I'm trying to figure out how to take a dataframe representing players in a game, the dataframe has unique users and records of each day the particular user has been active.
I am trying to get the average playtime and average moves for each week in the various users lifetime.
(Week is defined by a user's first record, i.e. if a user's first record is 3rd of January, their 1st week starts then and the 2nd week start the 10th of January).
Example
userid date secondsPlayed movesMade
++/acsbP2NFC2BvgG1BzySv5jko= 2016-04-28 413.88188 85
++/acsbP2NFC2BvgG1BzySv5jko= 2016-05-01 82.67343 15
++/acsbP2NFC2BvgG1BzySv5jko= 2016-05-05 236.73809 39
++/acsbP2NFC2BvgG1BzySv5jko= 2016-05-10 112.69112 29
++/acsbP2NFC2BvgG1BzySv5jko= 2016-05-11 211.42790 44
-----------------------------------CONT----------------------------------
++/8ij1h8378h123123koF3oer1 2016-05-05 200.73809 11
++/8ij1h8378h123123koF3oer1 2016-05-10 51.69112 14
++/8ij1h8378h123123koF3oer1 2016-05-14 65.42790 53
The end result for this would be the following table:
userid date secondsPlayed_w movesMade_w
++/acsbP2NFC2BvgG1BzySv5jko= 2016-04-28 496.55531 100
++/acsbP2NFC2BvgG1BzySv5jko= 2016-05-05 236.73809 68
-----------------------------------CONT----------------------------------
++/8ij1h8378h123123koF3oer1 2016-05-05 252.42921 25
++/8ij1h8378h123123koF3oer1 2016-05-12 65.42790 53
Failed attempt #1:
So far I've tried doing a lot of different things, but the most useful dataframe I've managed to create was the following:
df_grouped = df.groupby('userid').apply(lambda x: x.set_index('date').resample('1D').first().fillna(0))
df_result = df_grouped.groupby(level=0)['secondsPlayed'].apply(lambda x: x.rolling(min_periods=1, window=7).mean()).reset_index(name='secondsPlayed_week')
Which is a very slow and wasteful computation, but nonetheless can be used as a intermediate step.
userid date secondsPlayed_w
++/acsbP2NFC2BvgG1BzySv5jko= 2016-04-28 4.138819e+02
++/acsbP2NFC2BvgG1BzySv5jko= 2016-04-29 2.069409e+02
++/acsbP2NFC2BvgG1BzySv5jko= 2016-04-30 1.379606e+02
++/acsbP2NFC2BvgG1BzySv5jko= 2016-05-01 1.241388e+02
++/acsbP2NFC2BvgG1BzySv5jko= 2016-05-02 9.931106e+01
++/acsbP2NFC2BvgG1BzySv5jko= 2016-05-03 8.275922e+01
++/acsbP2NFC2BvgG1BzySv5jko= 2016-05-04 7.093647e+01
++/acsbP2NFC2BvgG1BzySv5jko= 2016-05-05 4.563022e+01
Failed attempt #2:
df_result = (df .reset_index() .set_index("date") .groupby(pd.Grouper(freq='W'))).agg({"userid":"first", "secondsPlayed":"sum", "movesUsed":"sum"}) .reset_index()
Which gave me the following dataframe, which has the fault of not being grouped by userids (the NaN problem is easily resolved).

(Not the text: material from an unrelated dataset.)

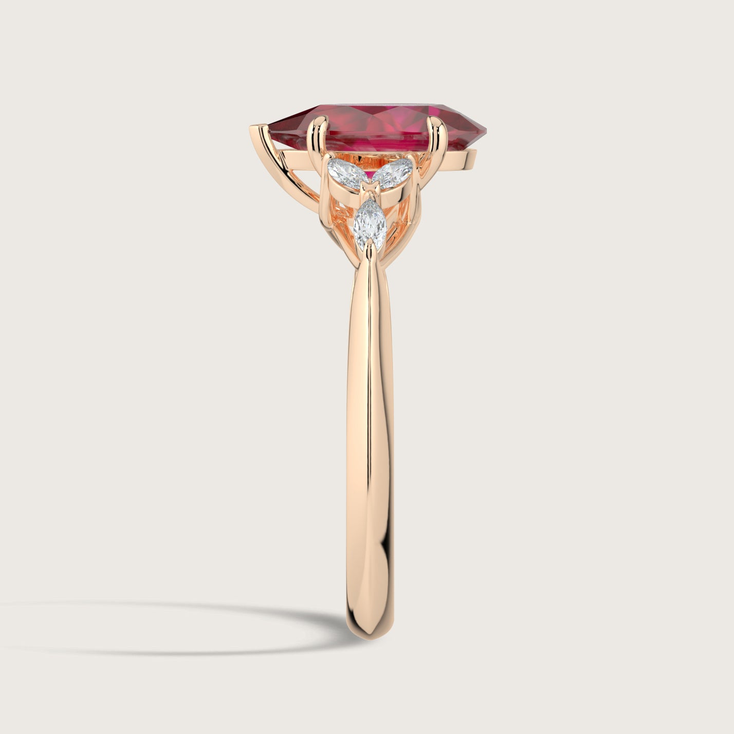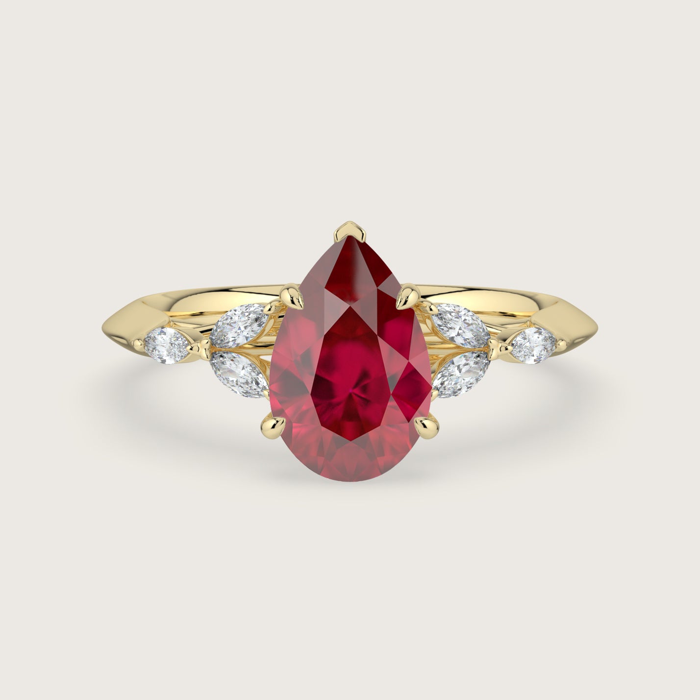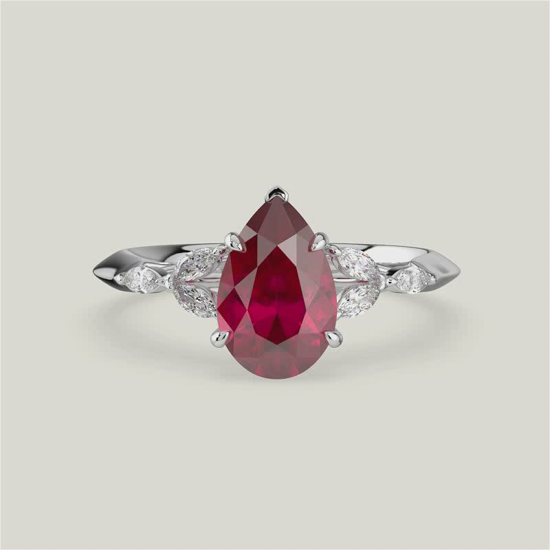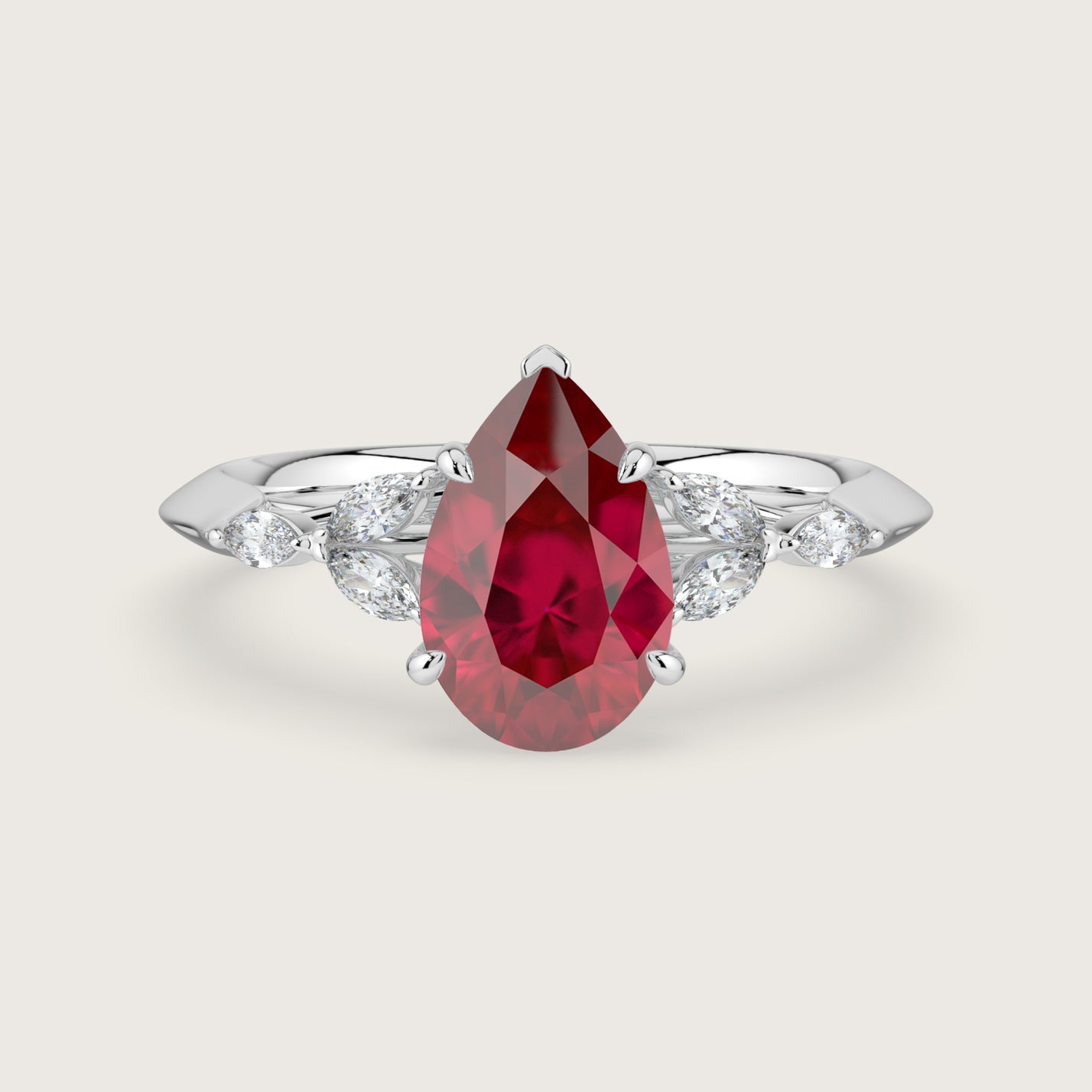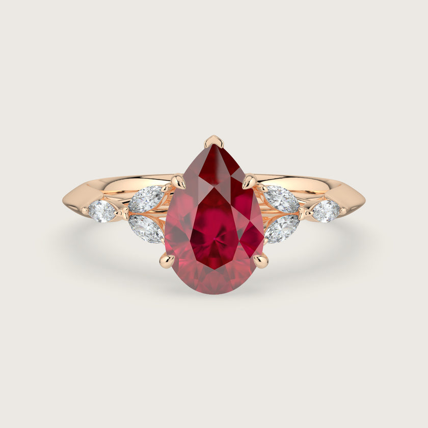 Blossom, Pear Cut Ruby Ring with Marquise Diamond Accents
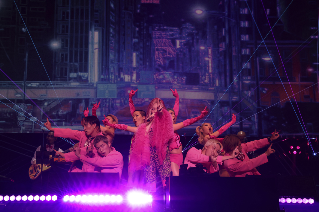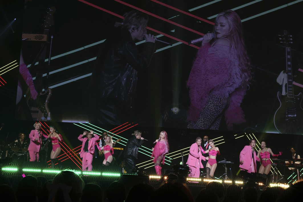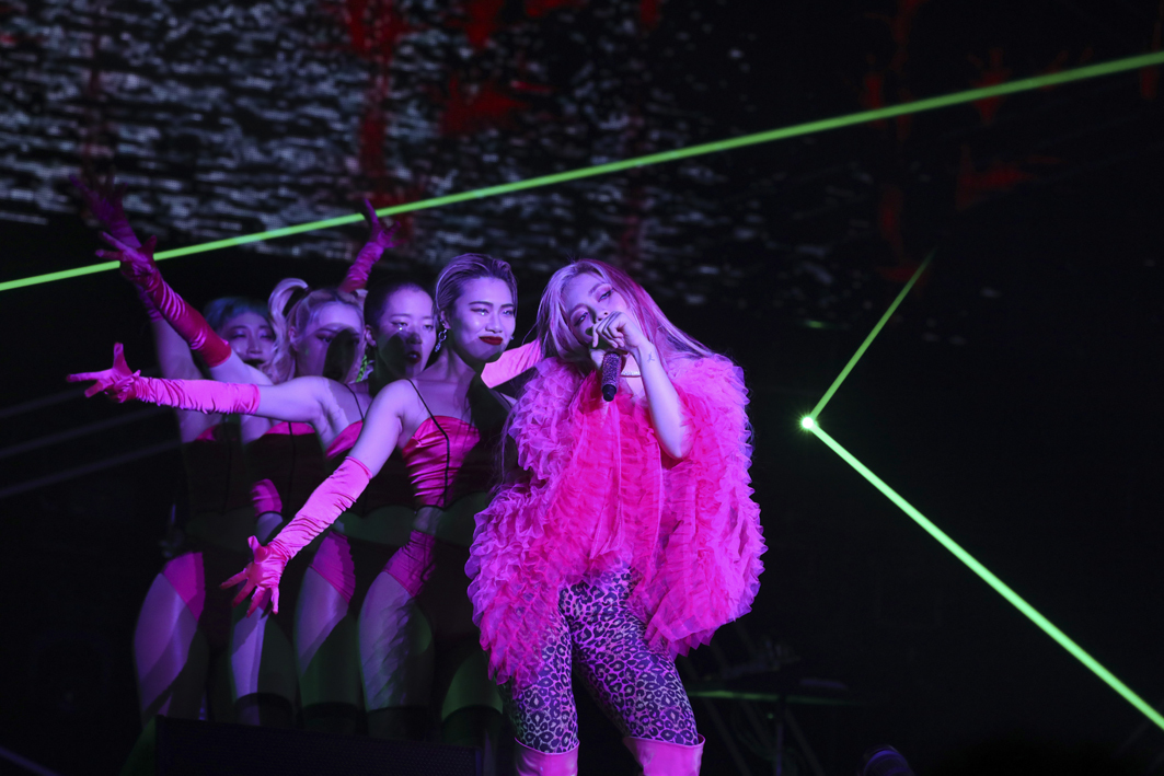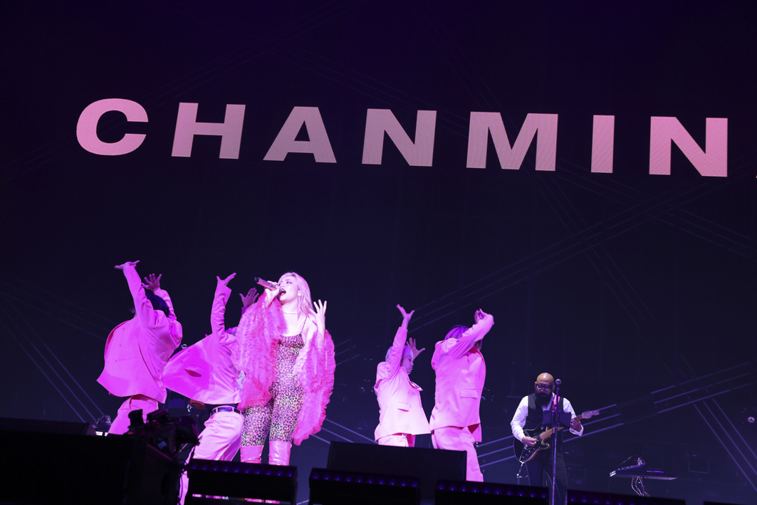 センター・スクリーンに、ショッキングピンクの文字で「CHANMINA」「と映し出されると、ステージ後方に構えた4人編成バンドがインストゥルメンタル演奏を始める。バンド演奏が徐々にテンポアップすると、豹柄のレオタードにピンクの羽根ショールを羽織り、ピンクのロング・ブーツを履いたド派手な佇まいのちゃんみなが登場。2曲目の「Angel」では、同じくピンクのコスチュームに身を包んだ男女8人のダンサーが入り、鮮やかなパフォーマンスを繰り広げる。そして、派手な見た目とは裏腹にMCでは優しく客席に語りかける。色とりどりにサイリウムの光で埋まった会場を眺めながら、「私のファンはピンクなんです」と話すと、場内のサイリウムが一斉にピンクに。これには彼女も「こころなしかピンクが多いような気がします」と感激した。

date userid secondsPlayed_w movesMade_w
2016-04-10 +1kexX0Yk2Su639WaRKARcwjq5g= 2.581356e+03 320
2016-04-17 +1kexX0Yk2Su639WaRKARcwjq5g= 4.040738e+03 615
2016-04-24 NaN 0.000000e+00 0
2016-05-01 ++RBPf9KdTK6pTN+lKZHDLCXg10= 1.644130e+05 17453
2016-05-08 ++DndI7do036eqYh9iW7vekAnx0= 3.775905e+05 31997
2016-05-15 ++NjKpr/vyxNCiYcmeFK9qSqD9o= 4.993430e+05 34706
2016-05-22 ++RBPf9KdTK6pTN+lKZHDLCXg10= 3.940408e+05 23779
Immediate thought:
Can this problem be solved by using a groupby that groups by two columns. But I'm not at all sure how to go about that with this particular problem.